[Start of Attachment]

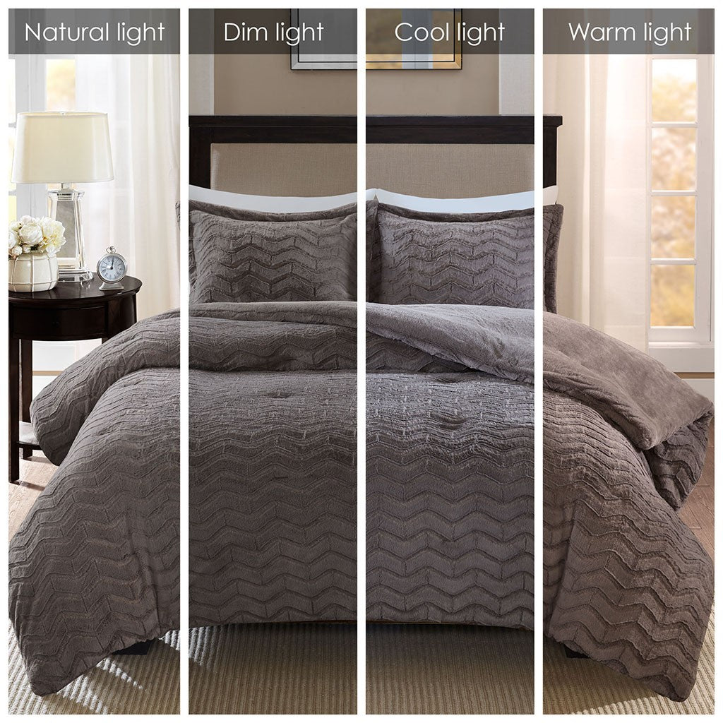 Sloan Plush Down Alternative Comforter Mini Set - Grey - Full Size / Queen Size
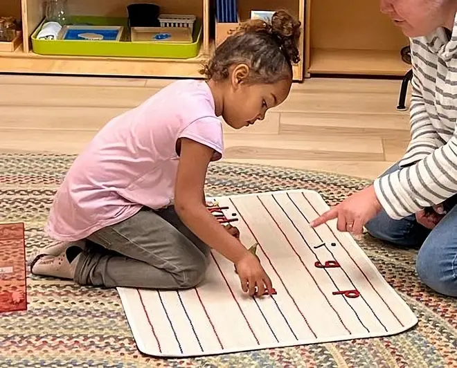 Santa Rosa Montessori![Santa Rosa Montessori Photo - Sounding it out and building words! This 3.5-year-old is making words with material designed to support early writing skills. Montessori makes early literacy fun and hands-on. Santa Rosa Montessori Photo - Sounding it out and building words! This 3.5-year-old is making words with material designed to support early writing skills. Montessori makes early literacy fun and hands-on.]()
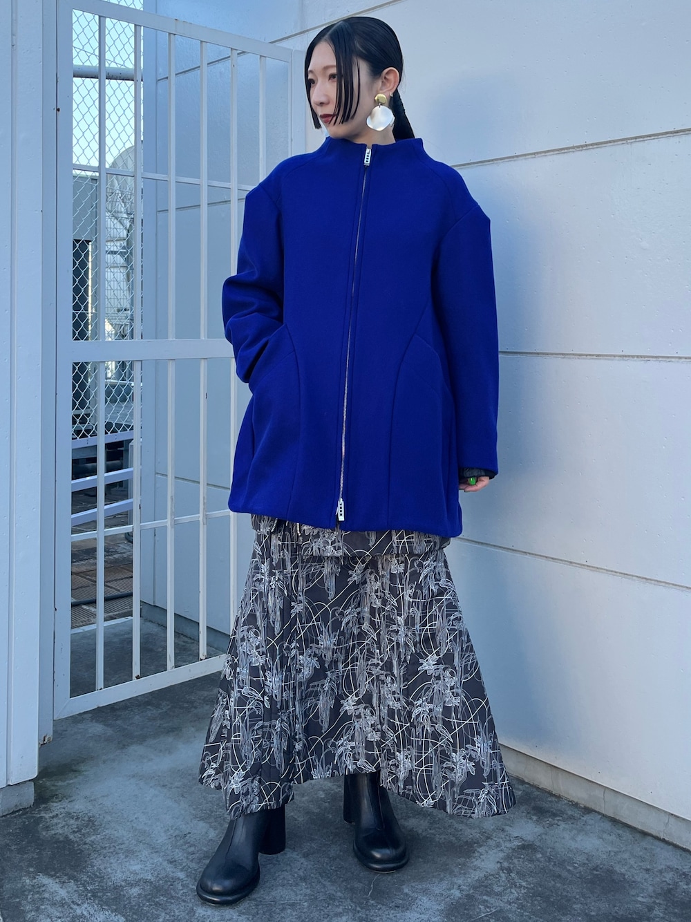 美品✨24AW UN3D. アンスリード タックショルダーミドルコート 青 TUCK SHOLDER MIDDLE CT / タックショルダーミドルコートを使った人気
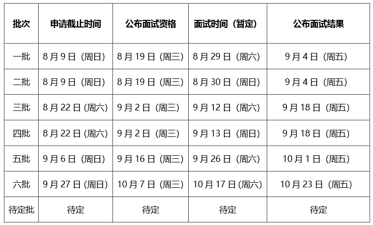 備注:1、在線申請報滿為止;安排如有變動,請以后續通知為準;面試形式另行通知;
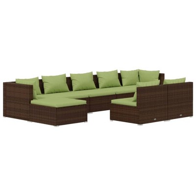 vidaXL Garden Lounge Set Brown with green cushions
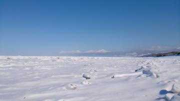 知床連山と流氷のコントラストが素敵です。
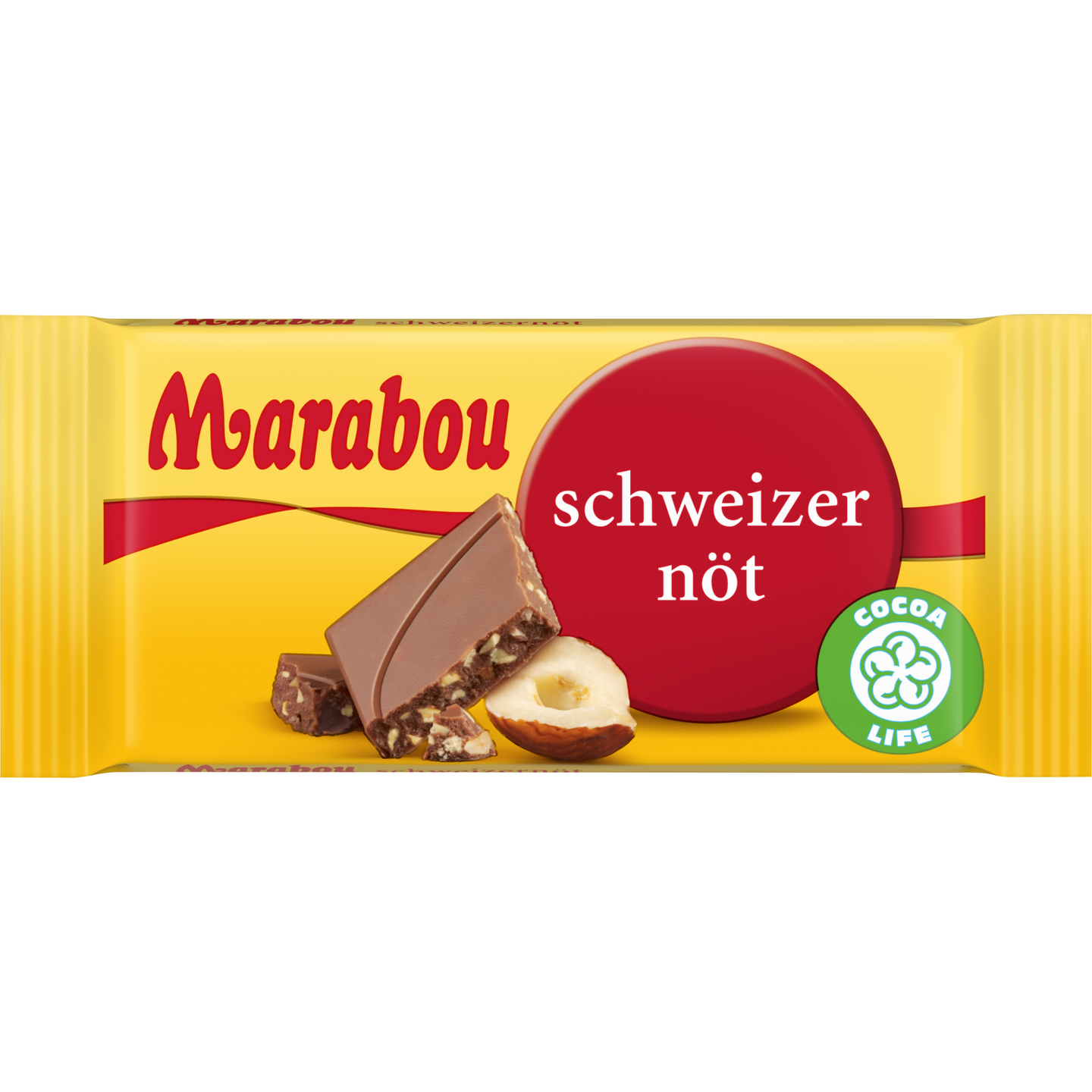 Marabou Schweizernöt - Marabou maitosuklaapatukka höystettynä tarkoin valikoiduilla, karkeaksi hienonnetuilla hasselpähkinöillä. Yksinkertaista, mutta niin hyvää. Marabou on Ruotsissa vuonna 1916 perustettu suklaatuotemerkki, jonka tuotteet ovat jo sukupolvien ajan tuoneet iloa ja herkullisuutta perheiden arkeen ja juhlaan. Nauti suklaasta menossa tai kotona rentoutuen. Kaikki Marabou suklaat ovat 100% vastuullisesti Cocoa Life -tuotettuja. Cocoa Life on oma maailmanlaajuinen vastuullisuusohjelmamme.

[End of Attachment]

▶ **Task requirements**
Write out the whole listing exactly. Pictures stay out.

▶ **Reply**
 Sloan Plush Down Alternative Comforter Mini Set - Grey - Full Size / Queen Size
 Santa Rosa Montessori![Santa Rosa Montessori Photo - Sounding it out and building words! This 3.5-year-old is making words with material designed to support early writing skills. Montessori makes early literacy fun and hands-on. Santa Rosa Montessori Photo - Sounding it out and building words! This 3.5-year-old is making words with material designed to support early writing skills. Montessori makes early literacy fun and hands-on.]()
 美品✨24AW UN3D. アンスリード タックショルダーミドルコート 青 TUCK SHOLDER MIDDLE CT / タックショルダーミドルコートを使った人気
 備注:1、在線申請報滿為止;安排如有變動,請以后續通知為準;面試形式另行通知;
 vidaXL Garden Lounge Set Brown with green cushions
 知床連山と流氷のコントラストが素敵です。
 Marabou Schweizernöt - Marabou maitosuklaapatukka höystettynä tarkoin valikoiduilla, karkeaksi hienonnetuilla hasselpähkinöillä. Yksinkertaista, mutta niin hyvää. Marabou on Ruotsissa vuonna 1916 perustettu suklaatuotemerkki, jonka tuotteet ovat jo sukupolvien ajan tuoneet iloa ja herkullisuutta perheiden arkeen ja juhlaan. Nauti suklaasta menossa tai kotona rentoutuen. Kaikki Marabou suklaat ovat 100% vastuullisesti Cocoa Life -tuotettuja. Cocoa Life on oma maailmanlaajuinen vastuullisuusohjelmamme.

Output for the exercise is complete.